■ **DATA FOR THIS EXERCISE**:
····················

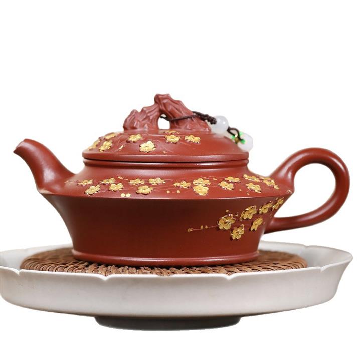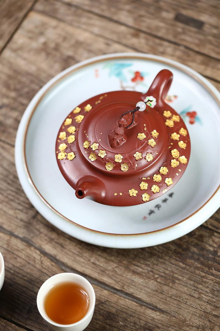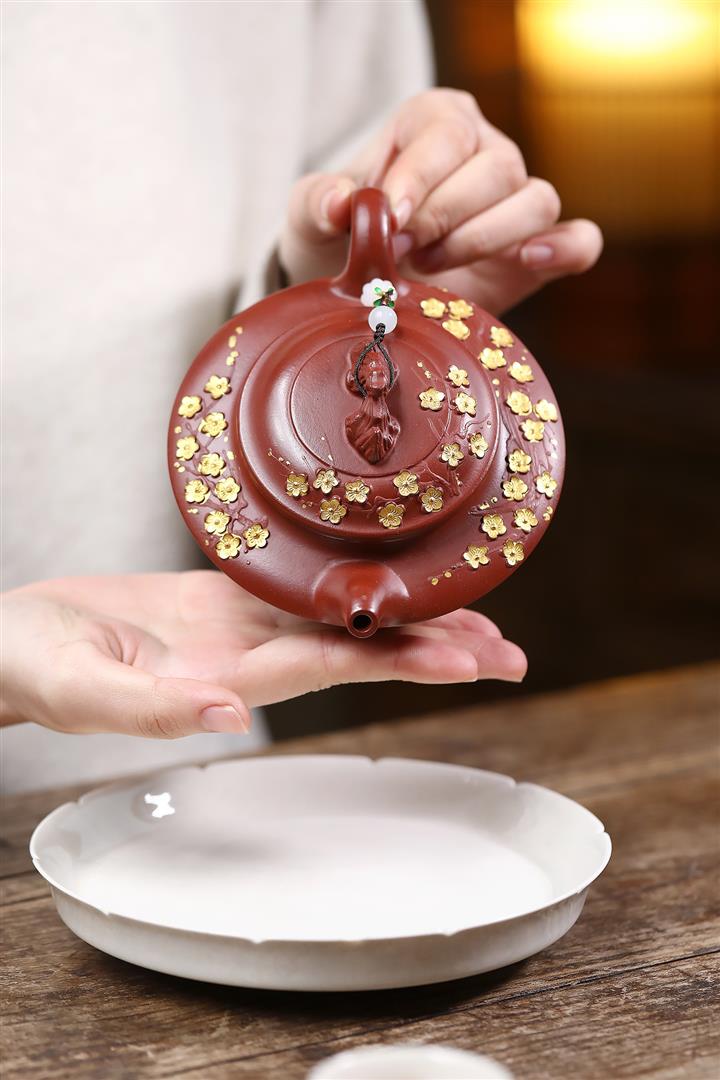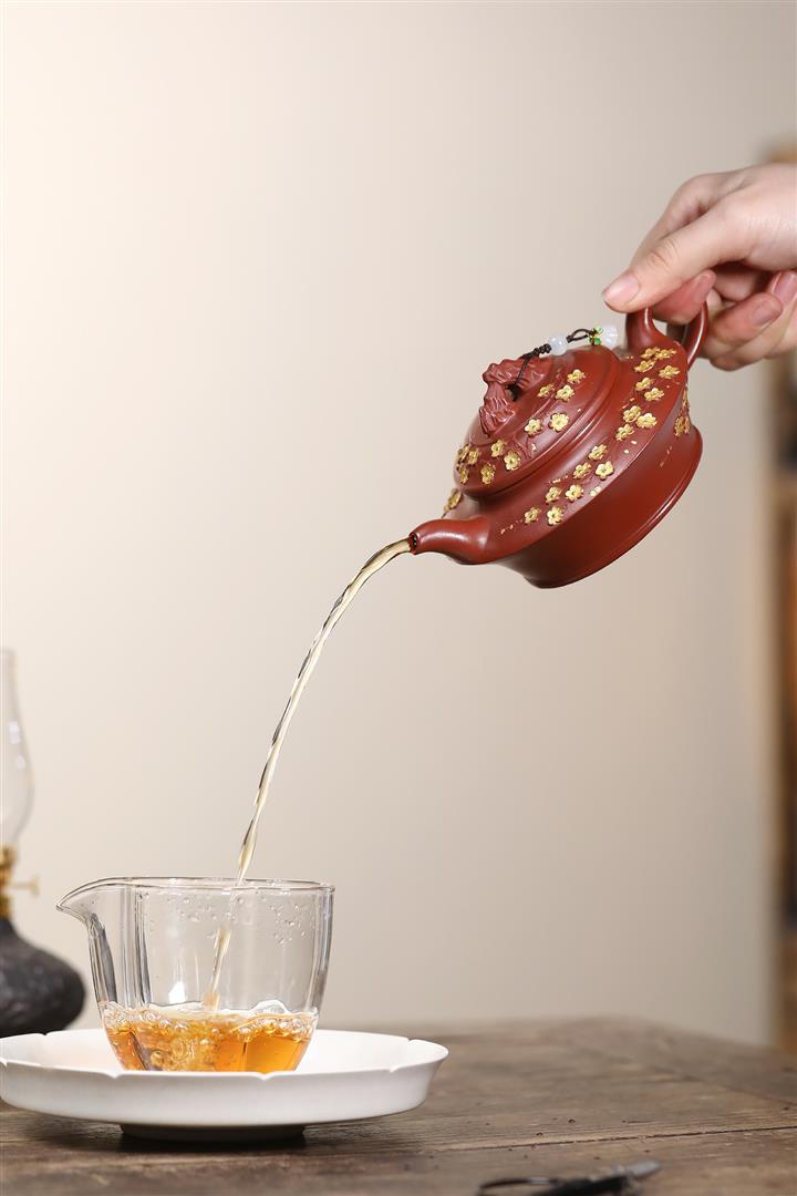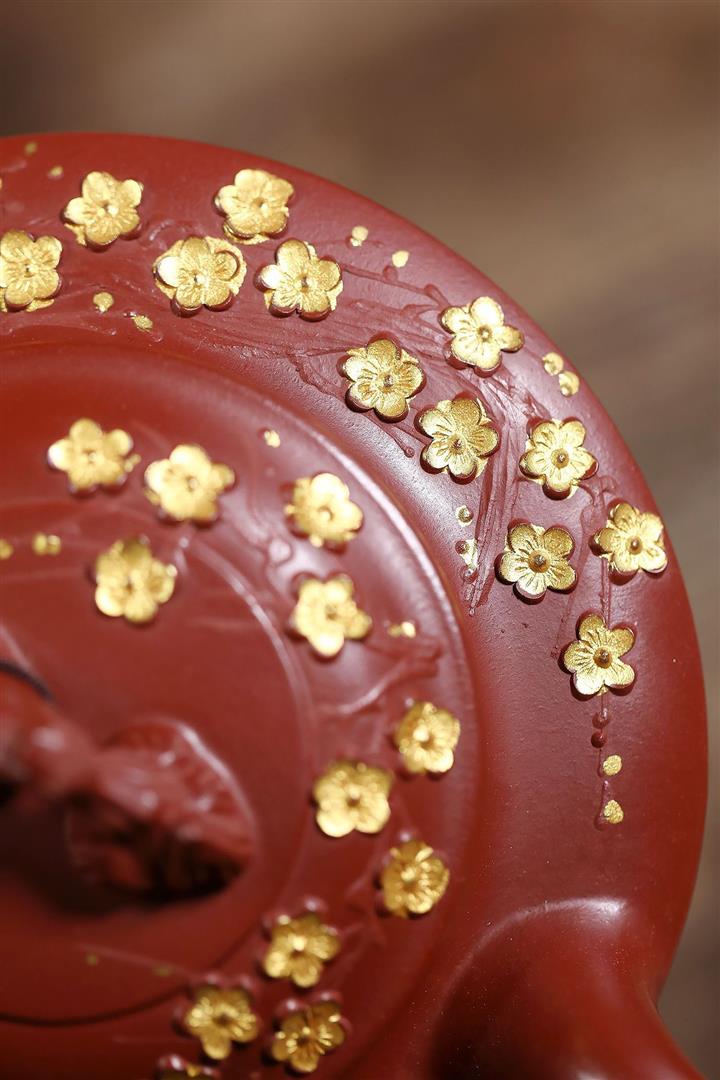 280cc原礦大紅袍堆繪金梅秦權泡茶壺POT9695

····················

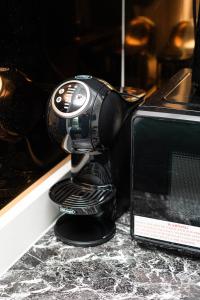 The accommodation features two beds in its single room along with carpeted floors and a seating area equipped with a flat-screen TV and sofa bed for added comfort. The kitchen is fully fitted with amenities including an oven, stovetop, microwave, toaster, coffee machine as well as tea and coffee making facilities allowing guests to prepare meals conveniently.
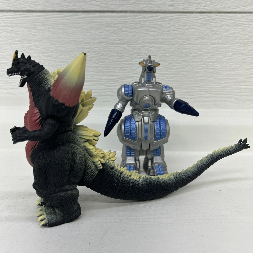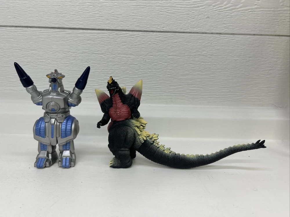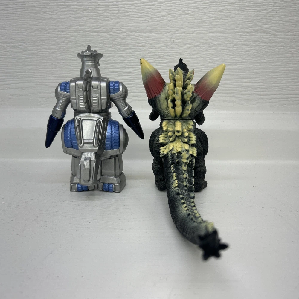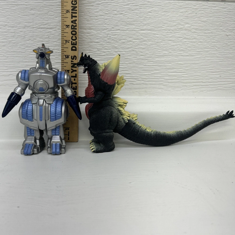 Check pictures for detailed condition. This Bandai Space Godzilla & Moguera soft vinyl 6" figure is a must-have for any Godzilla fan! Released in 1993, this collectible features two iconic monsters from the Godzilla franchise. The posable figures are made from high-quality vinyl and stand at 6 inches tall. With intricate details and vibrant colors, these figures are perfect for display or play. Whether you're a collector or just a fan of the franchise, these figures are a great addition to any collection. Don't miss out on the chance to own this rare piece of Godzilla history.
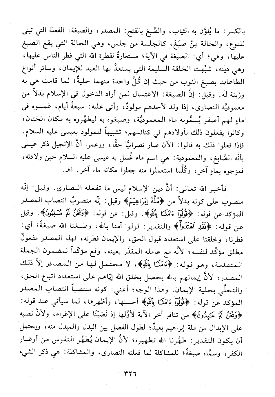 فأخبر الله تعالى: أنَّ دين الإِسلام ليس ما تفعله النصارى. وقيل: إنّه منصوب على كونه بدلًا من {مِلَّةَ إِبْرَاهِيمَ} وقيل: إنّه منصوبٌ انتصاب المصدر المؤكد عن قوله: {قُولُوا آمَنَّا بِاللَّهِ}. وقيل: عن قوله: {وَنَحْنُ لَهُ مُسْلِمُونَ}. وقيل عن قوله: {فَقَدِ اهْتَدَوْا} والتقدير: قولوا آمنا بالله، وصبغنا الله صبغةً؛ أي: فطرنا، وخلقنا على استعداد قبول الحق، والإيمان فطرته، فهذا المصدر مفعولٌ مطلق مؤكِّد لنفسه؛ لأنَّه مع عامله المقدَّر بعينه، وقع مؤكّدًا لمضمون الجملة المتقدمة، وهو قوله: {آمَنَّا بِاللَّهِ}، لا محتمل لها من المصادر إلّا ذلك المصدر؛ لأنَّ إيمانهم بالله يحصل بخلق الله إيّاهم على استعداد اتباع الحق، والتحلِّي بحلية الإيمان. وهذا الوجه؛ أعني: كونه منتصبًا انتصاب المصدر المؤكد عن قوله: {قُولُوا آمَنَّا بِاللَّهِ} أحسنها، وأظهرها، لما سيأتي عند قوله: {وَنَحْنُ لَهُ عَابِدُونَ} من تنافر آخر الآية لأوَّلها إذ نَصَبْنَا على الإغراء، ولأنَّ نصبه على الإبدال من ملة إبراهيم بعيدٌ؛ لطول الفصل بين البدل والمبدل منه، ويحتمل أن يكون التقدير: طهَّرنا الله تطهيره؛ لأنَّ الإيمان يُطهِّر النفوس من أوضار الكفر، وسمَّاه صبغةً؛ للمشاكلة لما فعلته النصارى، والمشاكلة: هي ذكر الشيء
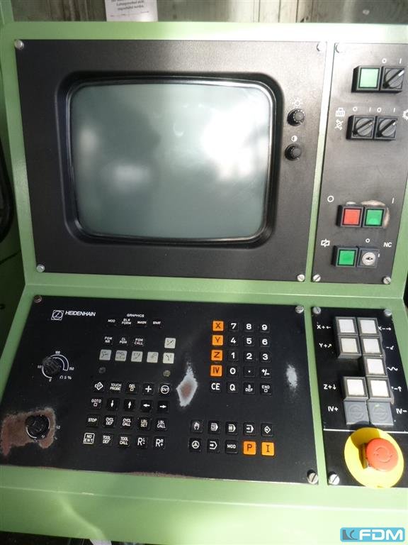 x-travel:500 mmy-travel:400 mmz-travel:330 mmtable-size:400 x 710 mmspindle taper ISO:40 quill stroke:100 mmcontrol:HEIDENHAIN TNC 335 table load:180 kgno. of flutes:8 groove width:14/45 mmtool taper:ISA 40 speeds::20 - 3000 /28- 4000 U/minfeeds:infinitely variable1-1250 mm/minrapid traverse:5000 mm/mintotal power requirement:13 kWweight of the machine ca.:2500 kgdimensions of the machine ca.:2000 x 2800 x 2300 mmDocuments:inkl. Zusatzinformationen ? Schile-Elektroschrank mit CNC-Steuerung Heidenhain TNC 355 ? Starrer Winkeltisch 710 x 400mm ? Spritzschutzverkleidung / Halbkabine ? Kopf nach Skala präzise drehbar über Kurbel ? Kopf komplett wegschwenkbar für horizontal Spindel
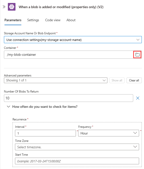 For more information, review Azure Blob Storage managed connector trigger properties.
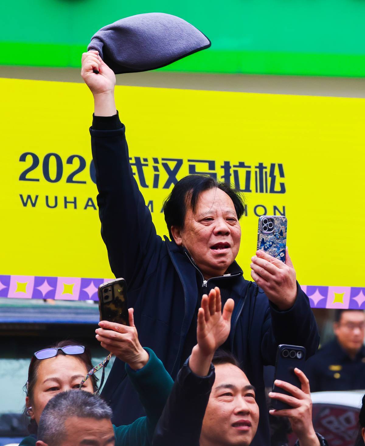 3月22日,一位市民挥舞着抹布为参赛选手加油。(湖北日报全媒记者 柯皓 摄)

····················

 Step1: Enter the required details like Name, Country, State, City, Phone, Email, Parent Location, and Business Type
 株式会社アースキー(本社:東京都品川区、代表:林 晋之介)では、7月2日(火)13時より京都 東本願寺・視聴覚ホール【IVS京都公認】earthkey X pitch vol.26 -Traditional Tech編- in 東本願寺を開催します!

····················

■ **INSTRUCTIONS TO FOLLOW**:
What do the entries above read from the line containing "x-travel:500 mmy-travel:400 mmz-travel:330" through the line containing "3月22日,一位市民挥舞着抹布为参赛选手加油。(湖北日报全媒记者 柯皓 摄)"? Output those lines exactly, both ends included, with the pictures left out.

■ **RESULT FOR THIS EXERCISE**:
 x-travel:500 mmy-travel:400 mmz-travel:330 mmtable-size:400 x 710 mmspindle taper ISO:40 quill stroke:100 mmcontrol:HEIDENHAIN TNC 335 table load:180 kgno. of flutes:8 groove width:14/45 mmtool taper:ISA 40 speeds::20 - 3000 /28- 4000 U/minfeeds:infinitely variable1-1250 mm/minrapid traverse:5000 mm/mintotal power requirement:13 kWweight of the machine ca.:2500 kgdimensions of the machine ca.:2000 x 2800 x 2300 mmDocuments:inkl. Zusatzinformationen ? Schile-Elektroschrank mit CNC-Steuerung Heidenhain TNC 355 ? Starrer Winkeltisch 710 x 400mm ? Spritzschutzverkleidung / Halbkabine ? Kopf nach Skala präzise drehbar über Kurbel ? Kopf komplett wegschwenkbar für horizontal Spindel
 For more information, review Azure Blob Storage managed connector trigger properties.
 3月22日,一位市民挥舞着抹布为参赛选手加油。(湖北日报全媒记者 柯皓 摄)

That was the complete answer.